TC-3071 add upload advisory and delete advisory scale test by bxf12315 · Pull Request #77 · guacsec/trustify-scale-testing

bxf12315 · 2025-10-30T03:48:30Z

I have added a new environment variable called UPLOAD_FILE_PATH, which is used to represent the path for all uploaded files.(default value is "./test-data").
I have made corresponding changes based on Jens's comment (#74 (comment)). However, there is still an issue: if the upload has not fully completed, the delete operation may return a 404 error.
First, we can tolerate a certain number of errors. Second, we can add a thread sleep between the two REST requests. However, adding thread sleep may affect the results.

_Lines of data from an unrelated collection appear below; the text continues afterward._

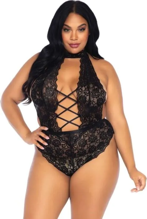 A plus-size, crotchless teddy from Leg Avenue Teddies with a floral lace pattern and a lace-up front opening. It’s a piece that flatters curves while letting you adjust the fit at the front. Choose this if you want something sensual yet breathable; skip it if you need structured support or full coverage.
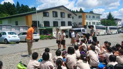 閉舎式を終え、子どもたちは大阪へと向かうバスに乗車。予定より少し早く、12時45分ごろにハチ高原を出発しました。
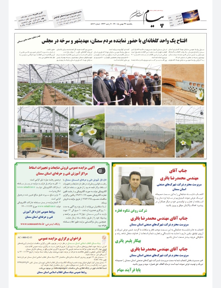 شرکت شهرک‌های صنعتی استان سمنان در نگاه جراید و خبرگزاری‌ها- بهمن 1400
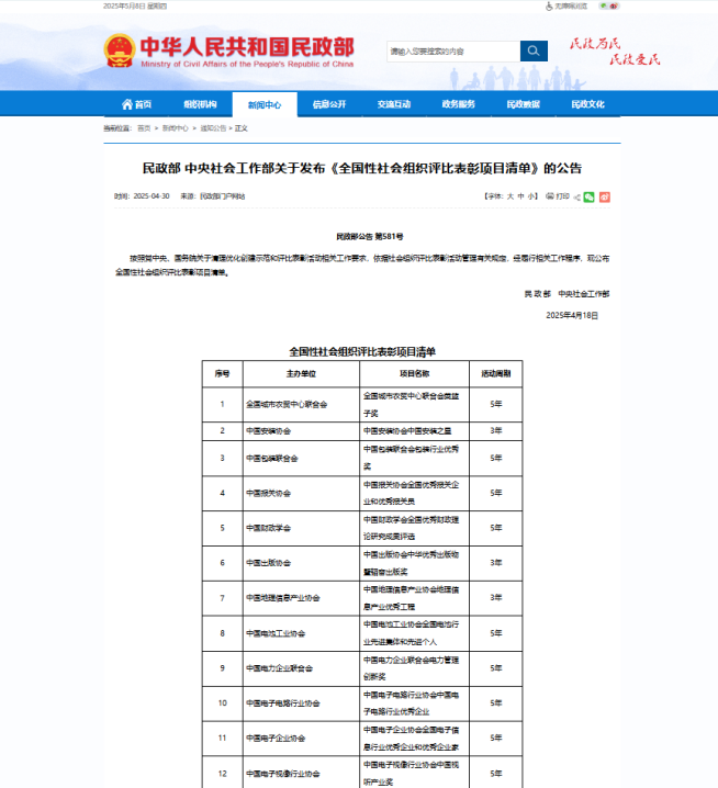 民政部 中央社會(huì)工作部關(guān)于發(fā)布《全國(guó)性社會(huì)組織評(píng)比表彰項(xiàng)目清單》的公告網(wǎng)址:https://www.mca.gov.cn/n152/n165/c1662004999980004737/content.html
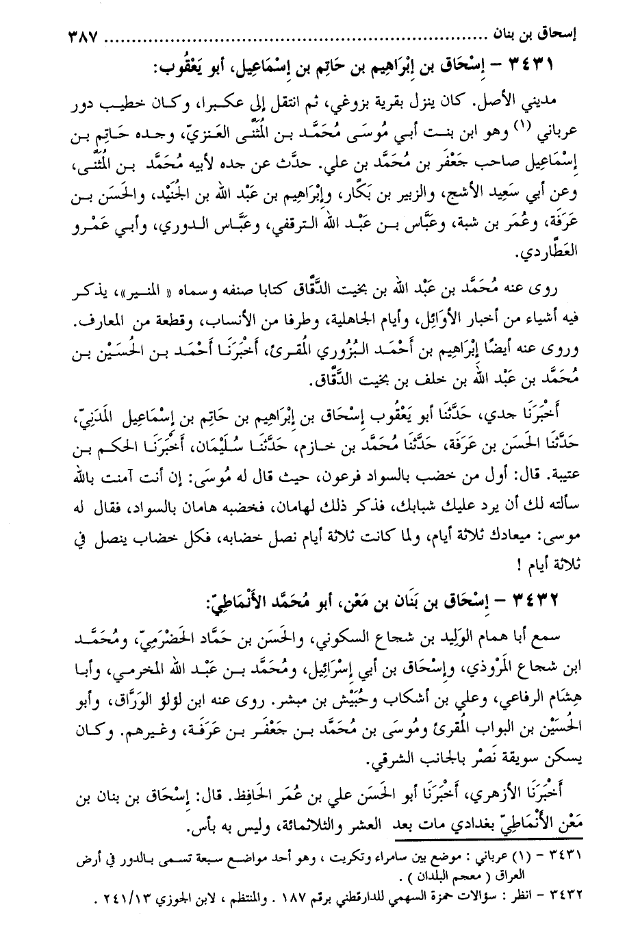 [1] 3432- انظر: سؤالات حمزة السهمي للدار قطني برقم 187. والمنتظم، لابن الجوزي 13/241.

The test results are as shown below:

since they distinguish between different requests, they can also be considered acceptable.

src/restapi.rs

src/main.rs

src/scenario/mod.rs

test-data/advisories/rhba-2024_11505.json

ctron · 2025-11-03T08:10:27Z

.cargo/config.toml

@@ -0,0 +1,2 @@
+[env]
+CARGO_WORKSPACE_ROOT = { value = "", relative = true }


Why is it not possible to use CARGO_MANIFEST_DIR?

CARGO_WORKSPACE_ROOT and CARGO_MANIFEST_DIR serve the same purpose, and I think CARGO_WORKSPACE_ROOT is more semantically appropriate. Could you please explain why CARGO_MANIFEST_DIR would be more reasonable?

src/scenario/mod.rs

ctron · 2025-11-03T13:36:10Z

.cargo/config.toml

@@ -0,0 +1,2 @@
+[env]
+CARGO_MANIFEST_DIR = { value = "", relative = true }


This variable is provided by the cargo build. It does not need to be provided.

ctron · 2025-11-03T13:36:47Z

src/scenario/mod.rs

+    fn load_advisory_files(&self) -> anyhow::Result<Vec<PathBuf>> {
+        // Try UPLOAD_FILE_PATH first, then fall back to CARGO_MANIFEST_DIR
+        let base_path = std::env::var("UPLOAD_FILE_PATH")
+            .or_else(|_| std::env::var("CARGO_MANIFEST_DIR"))


You need to use env! in this case. As it is a build time variable.

Alternatively, why not use the current working directory?

I just want it to be as flexibly configurable as SCENARIO_FILE.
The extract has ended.